Вяткин зажег свечу. Сорок минут! Квадрант! Это, несомненно, был квадрант! Он лежал в плоскости меридиана и имел восточное отклонение величиной в три минуты.
Когда Вяткин возвратился домой, Елизавета Афанасьевна ничего ему не сказала, а утром передала принесенную вчера записку:
«Милостивый государь Василий Лаврентьевич!
К вам у его превосходительства генерала Гескета есть неотложное дело. Благоволите прибыть завтра к девяти часам утра к генералу.

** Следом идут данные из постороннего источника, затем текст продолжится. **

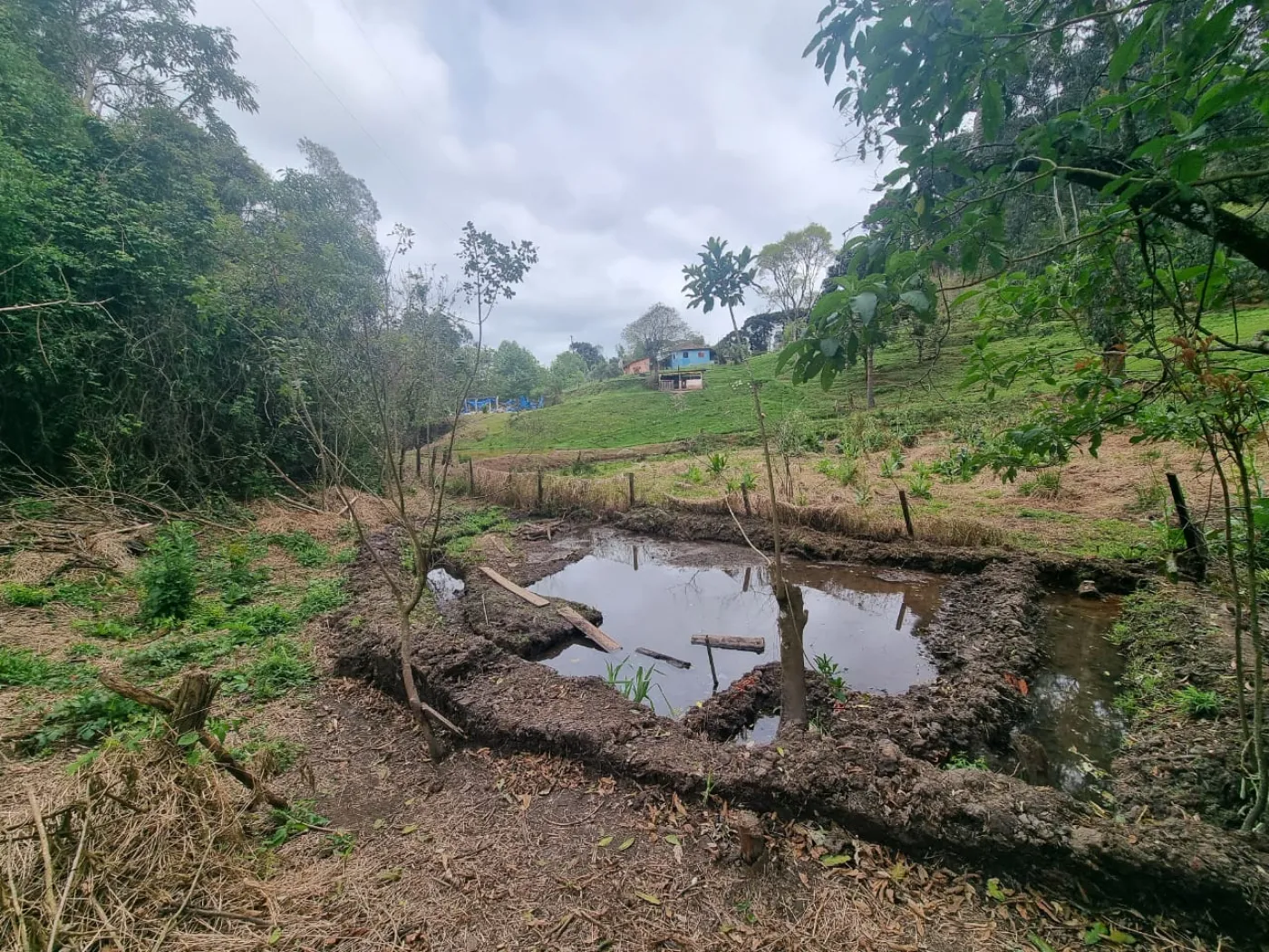 Tanque para criação de peixes em construção, ideal para lazer ou pequenos projetos de piscicultura;
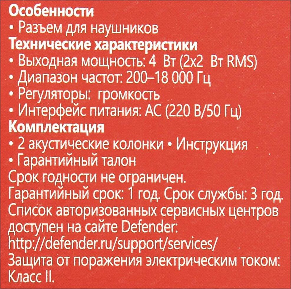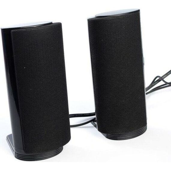 Акустическая 2.0 система, 4 Вт, диапазон частот 200 - 18000 Гц,, размер динамиков 2х2,5 "0, тип интерфейса - 3,5-мм джек, материал корпуса - пластик, длина кабеля 1.35 м.
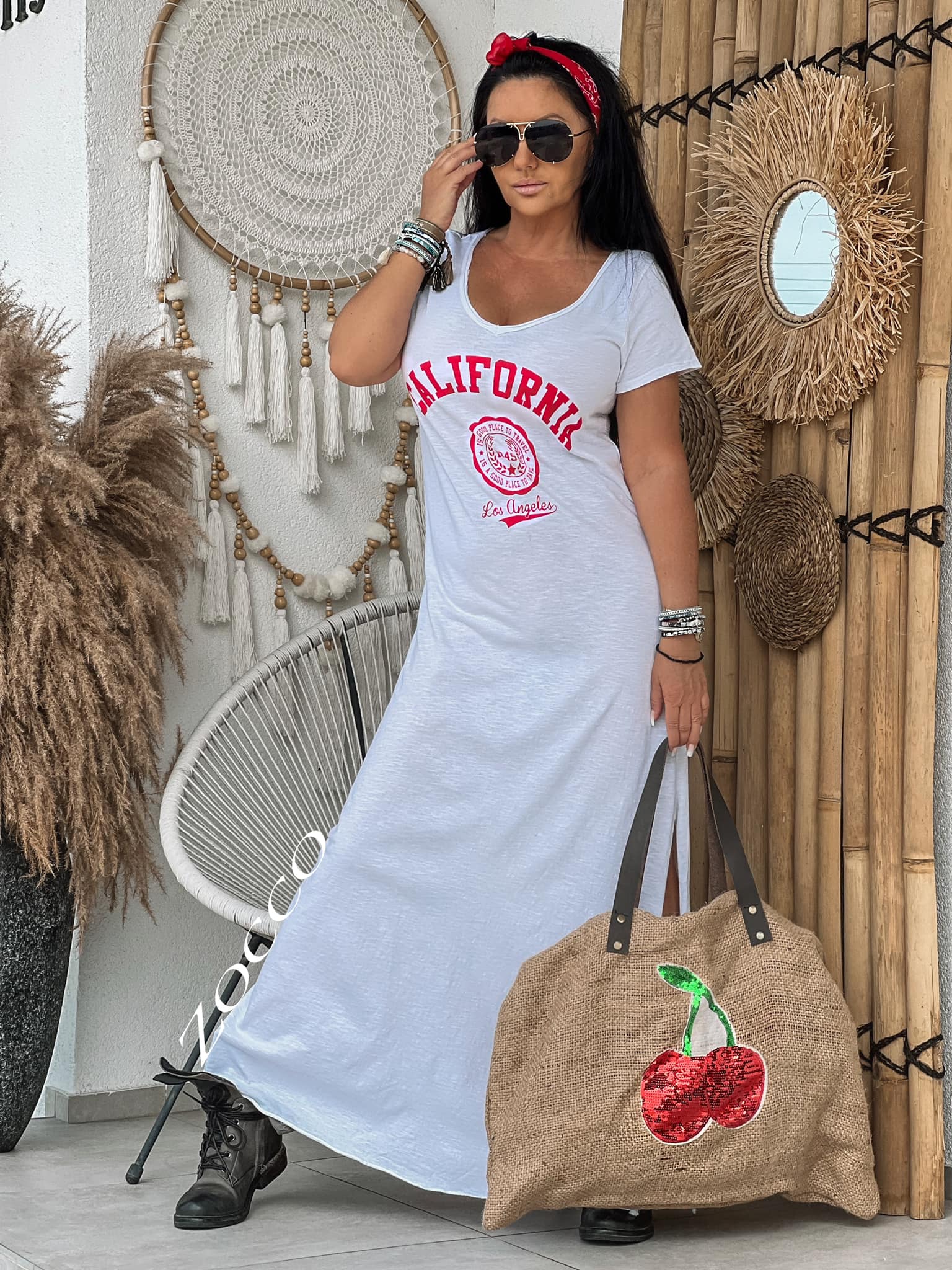 Długa ,bawełniana, prosta, wygodna sukienka z nadrukiem z przodu, dekolt w szpic.na dole rozporek. Rozmiar: Biust:50-54x2 Pas:50-54x2 Biodra:54-60x2 Długość;140cm Skład: Bawełna 100%
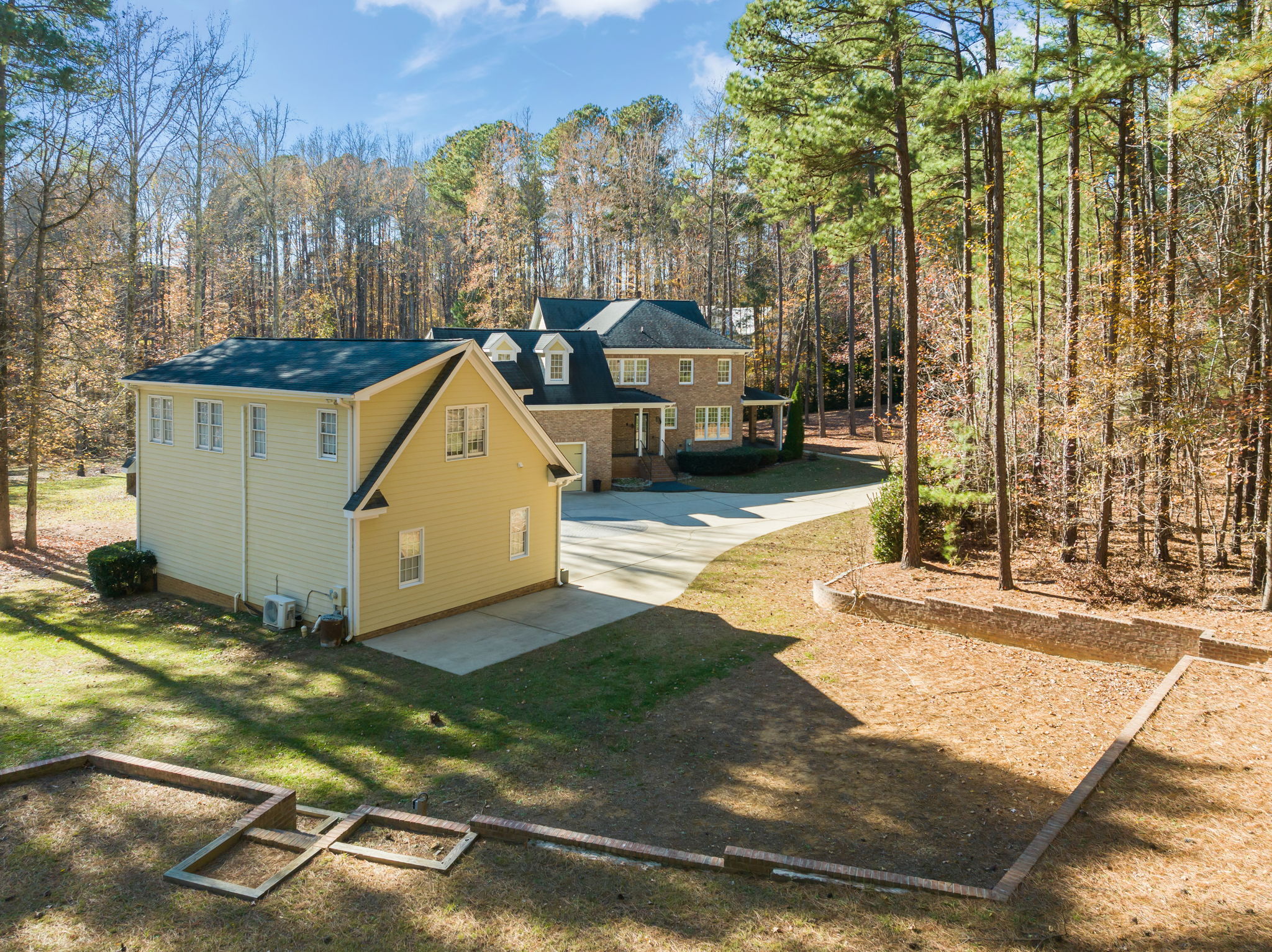 Looking for a private estate with acreage, no HOA, and a separate guest apartment near Falls Lake? This gated, custom-built basement home in Mayfair sits on 3 acres and offers 5,539 sq ft of finished living space, plus a 763 sq ft apartment above a detached three-car garage—perfect for guests, in-laws, or a dedicated home office. The main level features a primary suite, home office, formal living room, and multiple flexible bonus spaces. The septic permit allows for four bedrooms, and recent upgrades include fresh interior paint, new carpet, LVP flooring, and updated kitchen countertops (2024). Outside, enjoy an expansive driveway, five total garage bays (including two attached), and ample room to park an RV, boat, or camper. With no city taxes, this property delivers true modern country living. You’ll also have Spectrum internet, a private well, septic system, and an owned 1,000-gallon propane tank. All just 15 minutes from RDU and Falls Lake’s Rollingview Marina, 20 minutes to RTP, and 5 minutes to Harris Teeter.

С совершеннейшим к вам почтением»…
Начинается! После приезда в Самаркандскую область генерал-майора Гескета в губернаторском доме все переменилось. Дом приобрел постный вид, совершенно в духе самого хозяина. Василий Лаврентьевич прошел по пустым гулким комнатам и постучал в кабинет Гескета.
— Войдите, — откликнулся Гескет. — Подходите ближе и можете сесть, — милостиво разрешил Гескет. Сам он сидел в кресле, рядом стоял Чернявский. — Мне доложили, — скрипуче начал Гескет, — что вы, господин Вяткин, нарушаете законы туркестанского края.
— А именно?
— Без надлежащего на то разрешения ведете раскопки древностей.
— Верно, — ответил Вяткин, — донесли правильно, — он взглянул на Чернявского, — я раскопал новый памятник старины.
— А по какому праву? Объяснитесь.
— Дело в том, что в знаменитом «Положении» Туркестанского края ясно написано: «Запретить самовольно раскапывать места, интересные в археологическом отношении».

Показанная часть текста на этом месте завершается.